• [DATA SHOWN]

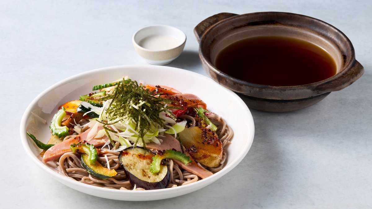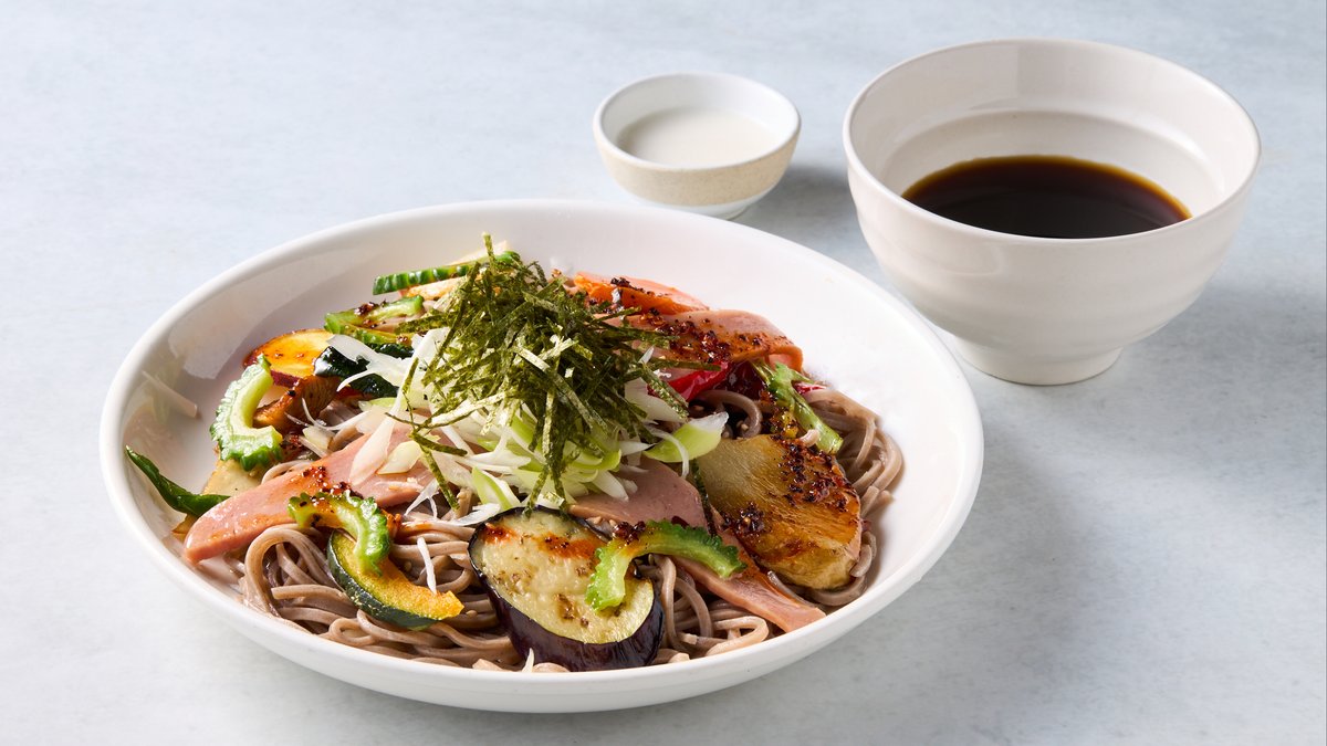 【冷】ゴーヤとポークの 辺銀ラー油蕎麦
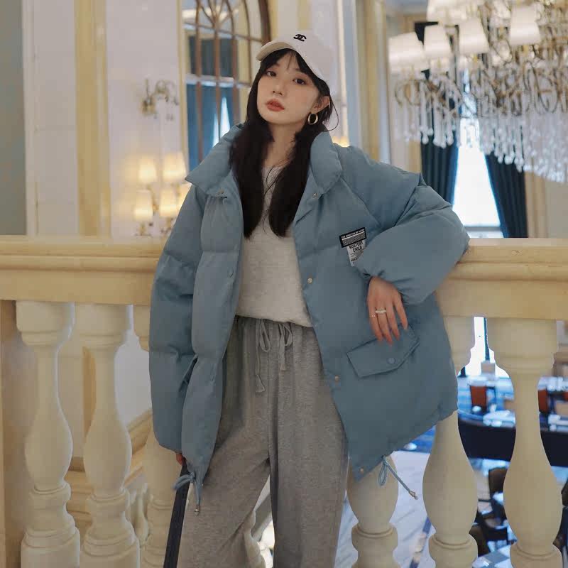 Синий зимний пуховик с пухом, куртка, в корейском стиле, оверсайз
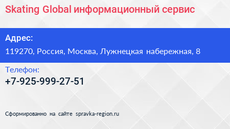 Skating Global, информационный сервис по адресу 119270, Россия, Москва, Лужнецкая набережная, 8 в дальнейшем Организация, размещена в следующих категориях:
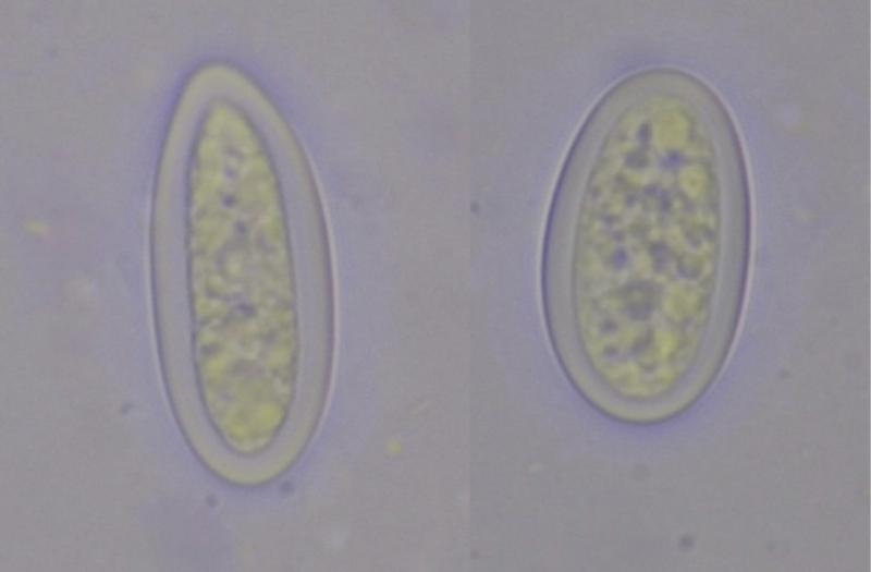 The spore wall is about 0,96-1,5 µm (living) and 1,7-2,8 µm (dead)
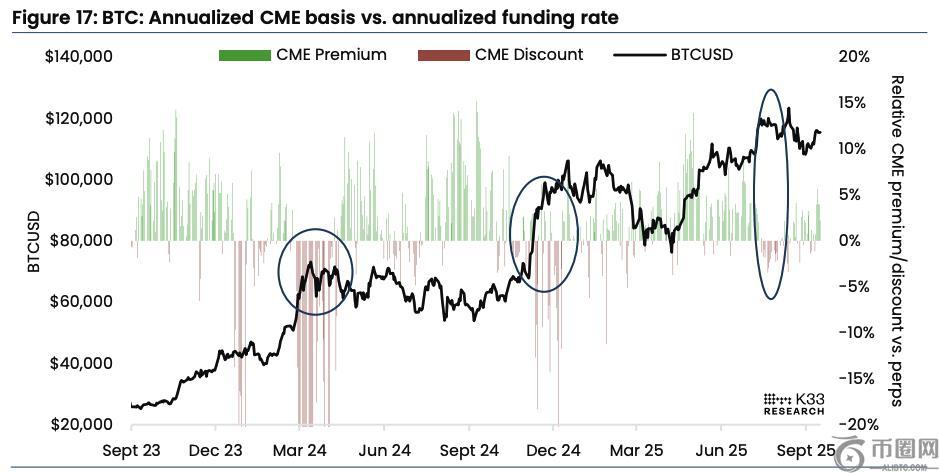 CME 年化基差 vs. 年化融资利率。图片:K33.
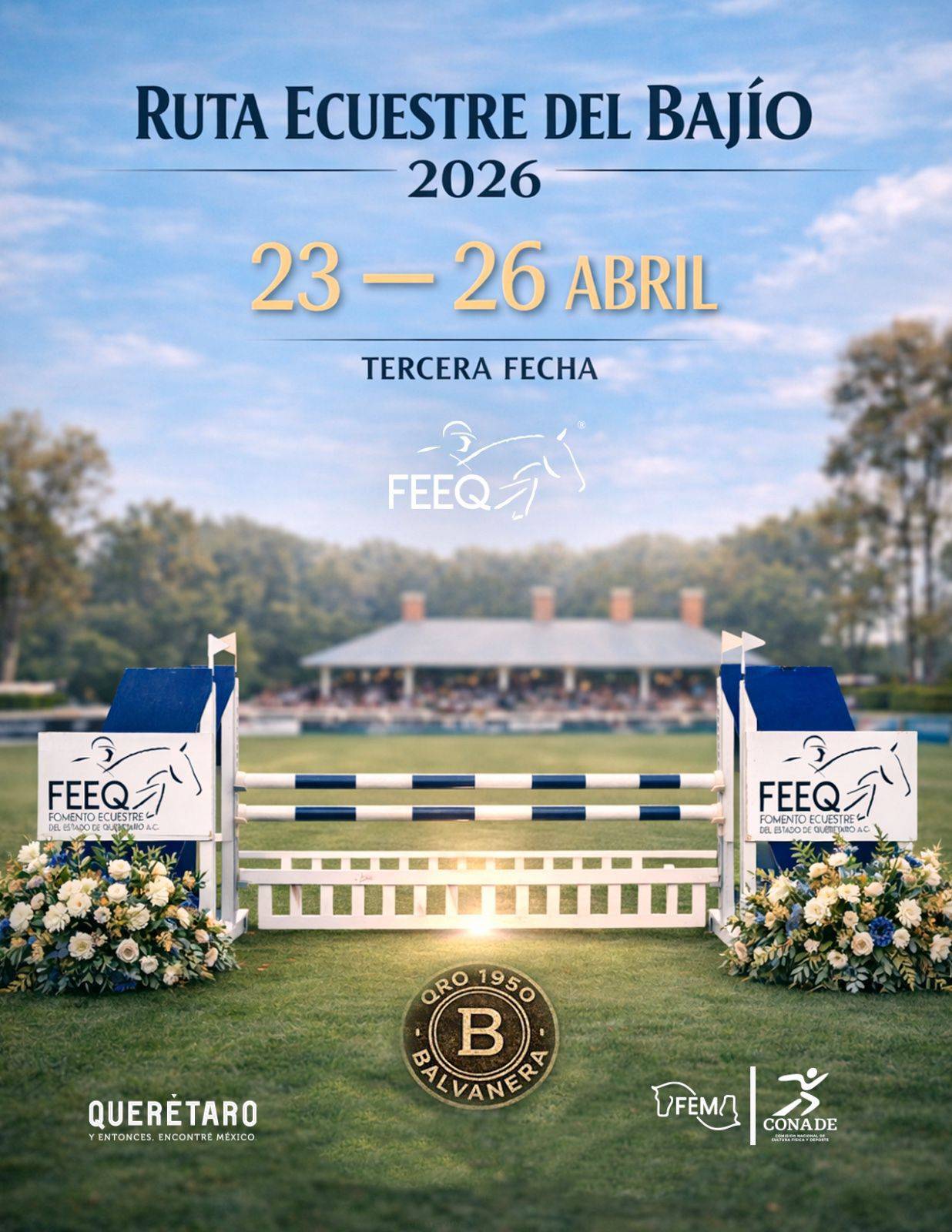 Fomento Ecuestre del Estado de Querétaro A.C. y Eventos Ecuestres Del Bajío S.A. de C.V. invitan a todos los binomios a nuestro concurso nacional de salto 2026. Que se llevará a cabo los días 23 al 26 de abril 2026 en Balvanera Polo & Country Club, ubicado en Carretera libre a Celaya Km. 10.
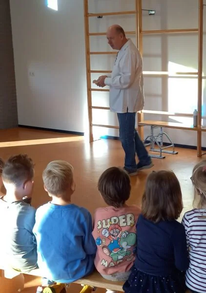 Aftrap van de Kinderboekenweek op Kindcentrum de Blieken in Klaaswaal met voorstelling door verhalenschenker Nico van Lent
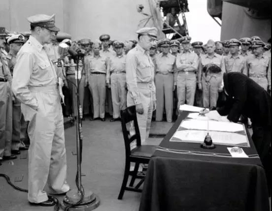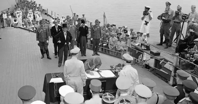 日本代表登上美军“密苏里号”军舰,
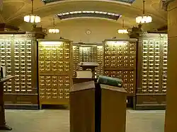 Dewey and others devised a system where books were organized by subject, then alphabetized based on the author's name. Each book was assigned a call number which identified the subject and location, with a decimal point dividing different sections of the call number. The call number on the card matched a number written on the spine of each book.[17] In 1860, Ezra Abbot began designing a card catalog that was easily accessible and secure for keeping the cards in order; he managed this by placing the cards on edge between two wooden blocks. He published his findings in the annual report of the library for 1863 and they were adopted by many American libraries.[13]
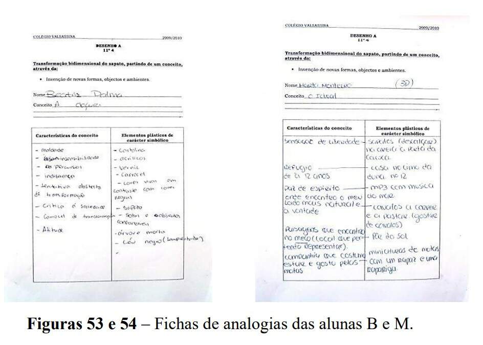 Para auxiliar o pensamento criativo, foi solicitado o preenchimento de uma ficha de apoio, ajudando os alunos a estabelecerem analogias entre o conceito escolhido e o modo de transmissão do mesmo (Apêndice O; Figuras 53 e 54). Relembrando Manuela Romo, “a habilidade de encontrar relações insuspeitas entre as coisas é a mais importante para a realização criativa”, e essa habilidade estabelece-se através da analogia e da metáfora (2008: 88).
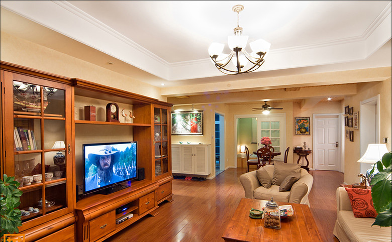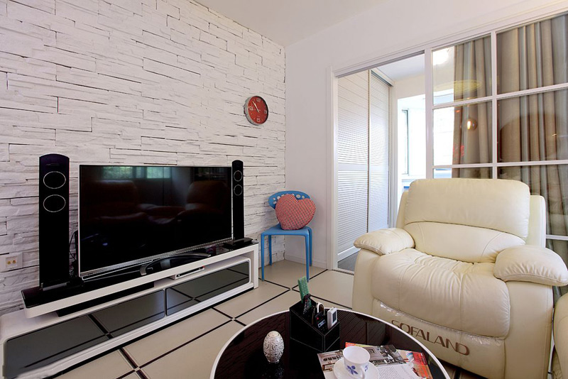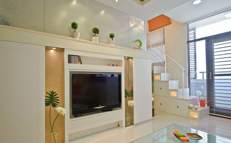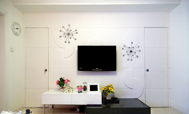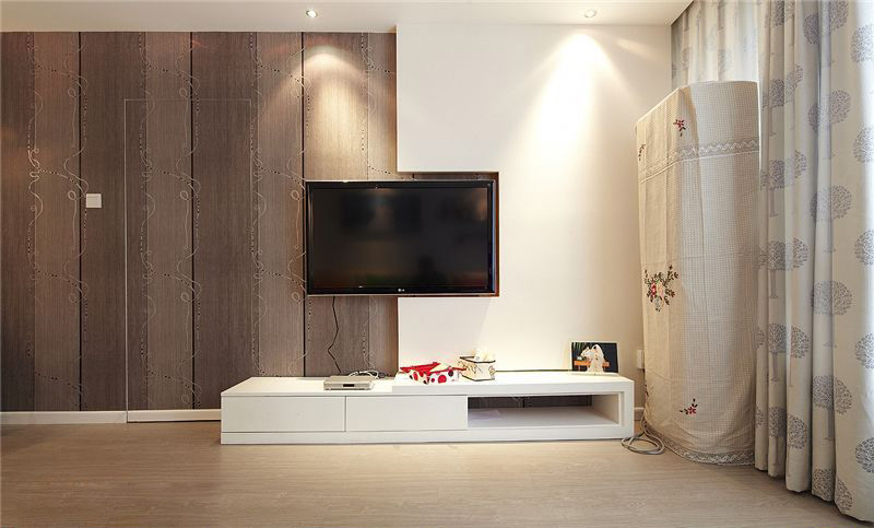 这面墙是比较简洁的,配合电视柜和一个储物柜以及边上的装饰品
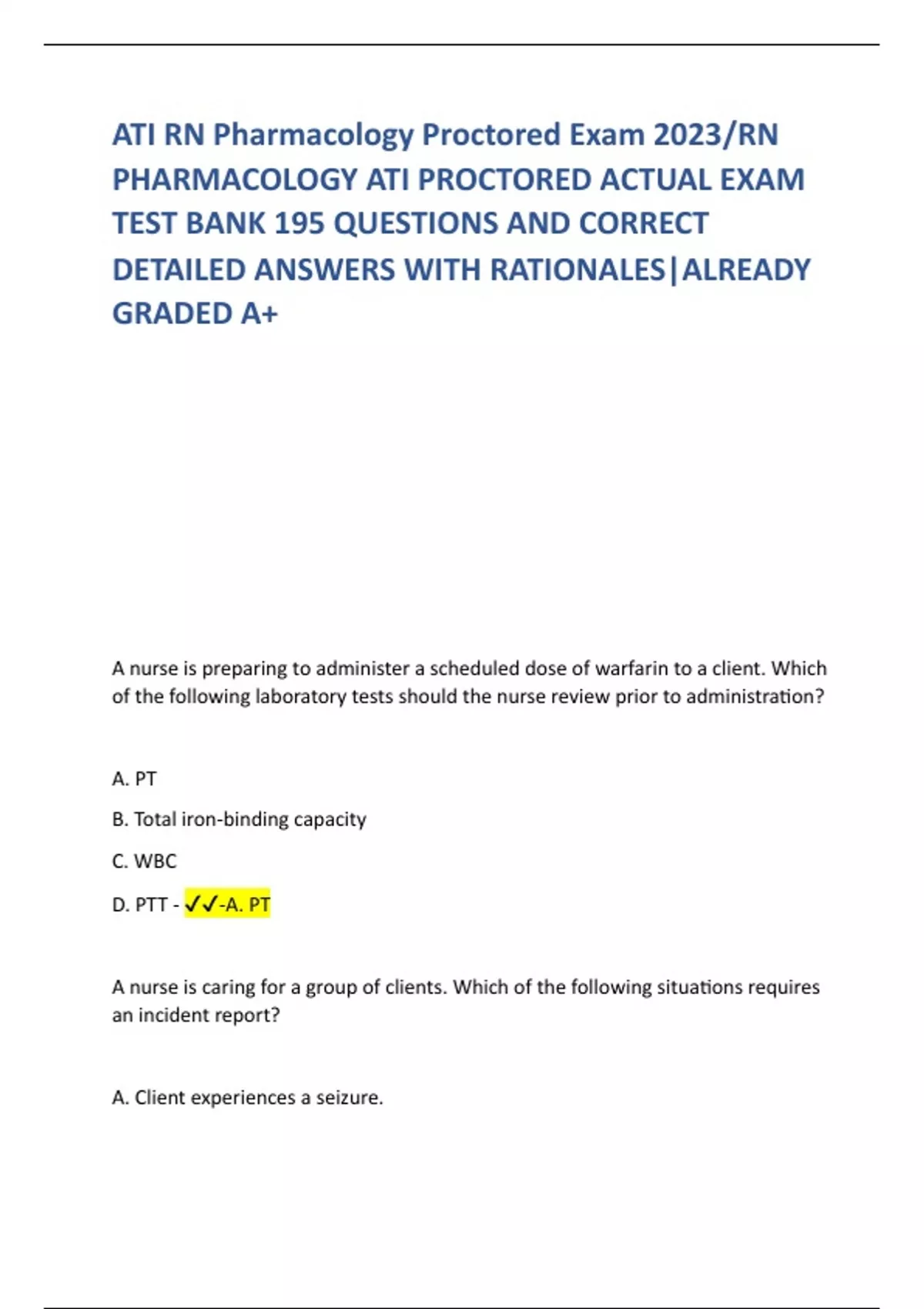ATI RN Pharmacology Proctored Exam 2023/RN TEST BANK 195QUESTIONS AND CORRECT DETAILED ANSWERS WITH RATIONALES|ALREADY PHARMACOLOGY ATI PROCTORED ACTUAL EXAM GRADED A+

• [DIRECTIONS FOR THIS TASK] Please write out only the material above, exactly, from its first line through the line that contains "这面墙是比较简洁的,配合电视柜和一个储物柜以及边上的装饰品", and include no pictures.

• [EXERCISE RESULT]
 【冷】ゴーヤとポークの 辺銀ラー油蕎麦
 Синий зимний пуховик с пухом, куртка, в корейском стиле, оверсайз
 Skating Global, информационный сервис по адресу 119270, Россия, Москва, Лужнецкая набережная, 8 в дальнейшем Организация, размещена в следующих категориях:
 The spore wall is about 0,96-1,5 µm (living) and 1,7-2,8 µm (dead)
 CME 年化基差 vs. 年化融资利率。图片:K33.
 Fomento Ecuestre del Estado de Querétaro A.C. y Eventos Ecuestres Del Bajío S.A. de C.V. invitan a todos los binomios a nuestro concurso nacional de salto 2026. Que se llevará a cabo los días 23 al 26 de abril 2026 en Balvanera Polo & Country Club, ubicado en Carretera libre a Celaya Km. 10.
 Aftrap van de Kinderboekenweek op Kindcentrum de Blieken in Klaaswaal met voorstelling door verhalenschenker Nico van Lent
 日本代表登上美军“密苏里号”军舰,
 Dewey and others devised a system where books were organized by subject, then alphabetized based on the author's name. Each book was assigned a call number which identified the subject and location, with a decimal point dividing different sections of the call number. The call number on the card matched a number written on the spine of each book.[17] In 1860, Ezra Abbot began designing a card catalog that was easily accessible and secure for keeping the cards in order; he managed this by placing the cards on edge between two wooden blocks. He published his findings in the annual report of the library for 1863 and they were adopted by many American libraries.[13]
 Para auxiliar o pensamento criativo, foi solicitado o preenchimento de uma ficha de apoio, ajudando os alunos a estabelecerem analogias entre o conceito escolhido e o modo de transmissão do mesmo (Apêndice O; Figuras 53 e 54). Relembrando Manuela Romo, “a habilidade de encontrar relações insuspeitas entre as coisas é a mais importante para a realização criativa”, e essa habilidade estabelece-se através da analogia e da metáfora (2008: 88).
 这面墙是比较简洁的,配合电视柜和一个储物柜以及边上的装饰品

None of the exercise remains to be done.